Revisiting Oren’s fastnames patch, I think a simpler
approach is warranted. Using a setitem macro skips
a function call but doesn’t get to the root of problem.
Likewise, a pointer search is not helpful because
lookupstring() already attempts a pointer
comparison first and a hash comparison as a
fallback (also, a pointer search fails to find non-
interned comparisons). There is more promise in
optimizing the search/fail/fallback sequence of
looking for locals, globals, and builtins, but the
approach of using custom look-ups and having
negative entries is too invasive.
The real issue is that the dictionaries are too full.

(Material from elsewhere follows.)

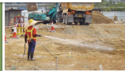
在工地定時灑水以遏止塵埃
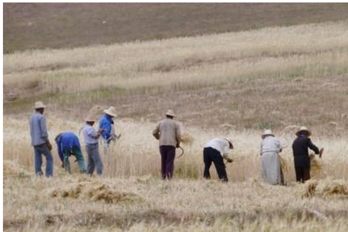
Les moissons, plateau de Kik

Mercredi 15 : Temps gris. Je travaille au petit matin en attendant que mon beau-frère, gros dormeur, se lève. Nous avons convenu qu'il jetterait un coup d'œil à ma voiture, qui fait un peu de bruit à basse vitesse (un boulon desserré ?). Il ne trouve rien et me conseille de joindre le loueur, ce que je fais. Ce dernier me propose gentiment de me changer la voiture. Je pars donc au centre de Marrakech et récupère une autre voiture, la même Hyundai 10, cette fois gris foncé. Et, cette fois, la climatisation semble marcher convenablement. Il est midi.

Whenever, it hits 2/3’s full, a resize is triggered which
doubles the size of the dictionary, still leaving it
relatively full and relatively close to the next
(expensive) resize operation.
This patch makes the setitem resize operation
quadruple the size of the dictionary. This leads to
fewer total resize operations and leaves the dictionary
more sparsely populated (not only leading to fewer
collisions, but allowing immediate detection of NOT IN
without doing *any* comparisons of pointers or
hashcodes).
The patch is minimally invasive. It is only one line!
However, is does change the order of dictionaries, so
doctest style test code will sense the change
immediately.
Four timing suites are attached. Two, directly
measure speed-ups for accessing globals and
__builtins__. The other two are real world apps
which tap into all facets of python including
subclassing, lambdas and functionals, large and
small dicts, a wide array of data structures, heavy
processing of strings, tuples, and numbers. Each of
the suites shows improvements ranging from 5% to
25%. PyStone also shows a marginal improvement
which is surprising because it is dominated by fast
locals.
|